Going back to Socrates, John Dewey, or the story of Nachiketa as cited in Kathopanishada, a young boy questioning his father’s poor discretion through creative and critical thinking has always dominated the 21st century learning discourse. What is missing today is a systematic, deep, adaptable approach to critical thinking, which makes learning exciting, and joyful as envisaged in the policy. Our Prime Minister says we must move from the burden of books to the boon of learning.
What does a thinking classroom do differently? Among others, it moves our focus from hard content teaching to building soft how-to-learn skills. It encourages applied thinking, problem-solving and collaborative decision making. Students observe and learn how others think. A thinking classroom integrates teaching for, of and about thinking. Teaching must create necessary conditions for thinking, questioning and inquiry in the classroom. The teaching focused on thinking provides tools and strategies to encourage innovation and design thinking. Teaching about thinking empowers learners to develop awareness about self and others' thinking.
The school leaders should bring critical thinking at the centre of teaching and learning, emphasising learning improvement and the role of thinking in developing integrated thinking abilities. The crisis in education is a euphemism for the crisis in learning. The pedagogical leaders must create and sustain a thinking classroom. They must plan implementational design- encouraging a whole school approach and student-centred thinking models in the annual pedagogical plans (APP).
Amel Karboul, the founding CEO of the Education Outcomes Fund (EOF), in her TED Talk remarked that the 'mind' is the most critical infrastructure, much above any other. To transform education, investing in literacy and numeracy at the foundational level, making learning systems efficient, focusing on the output, recognising the habits of mind, and to invest in teachers are essential.

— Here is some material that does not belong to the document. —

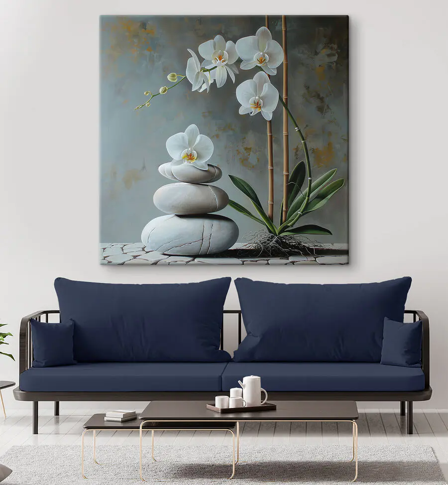 Stellen Sie sich vor, dass Sie jedes Mal, wenn Sie diesen Leinwanddruck betrachten, in eine heitere Oase eintreten. Mit seinen zarten Orchideen, die auf glatten Steinen balancieren, ist es wie ein kleiner Wellness-Tag direkt an Ihrer Wand. Die sanften Farben laden zur Ruhe ein und eignen sich perfekt für Räume, in denen Entspannung wichtig ist – zum Beispiel für Wohnzimmer, Leseecken oder sogar ein gemütliches Schlafzimmer. Sie regt auch zu Gesprächen an, denn was gibt es Faszinierenderes als eine Pflanze und ein paar Felsen? Jedes Mal, wenn ein Blick darauf fällt, wird der Raum von einer Welle der Ruhe durchflutet. Frischen Sie Ihre Einrichtung auf, ohne die Bank zu sprengen; dieses Stück erledigt die schwere Arbeit, während Sie sich einfach zurücklehnen und die Atmosphäre genießen.

Equity and excellence for everybody is a visa to the success and sustainability of the societies. The Sustainable Development Goals hinge on quality education and lifelong learning for all (Goal 4). Decent employment opportunity and economic growth (Goal 8) for all, rests on enhancing employability skills. Learners must learn to extrapolate their knowledge and not merely reproduce it.
The powerful economies in the world have reached their goals through reformed classrooms. The US realised decades ago that students will have many jobs in today's world and will change career paths many times. This requires equipping them with life-long learning and continuous improvement. Schools in the UK offer critical thinking and analytical reasoning skills as a dedicated subject. Australia’s new national curriculum focuses on critical thinking in each subject area.
Confucius famously said, “Learning without thinking is labour lost; thinking without learning is dangerous.” This poses severe challenges to educators. Can we teach mathematics in a way that helps the students use and interpret the mathematical concepts to analyse societal and scientific issues? Can we lay a greater emphasis on skills associated with critical thinking and analysis of sources to contest the historical interpretation in our social science classes? It is an exciting time in our educational journey, and investing in student agency is just the right thing to do.
Ashok Pandey is the Director and former Principal of Ahlcon Group of Schools, Delhi. Views expressed are personal.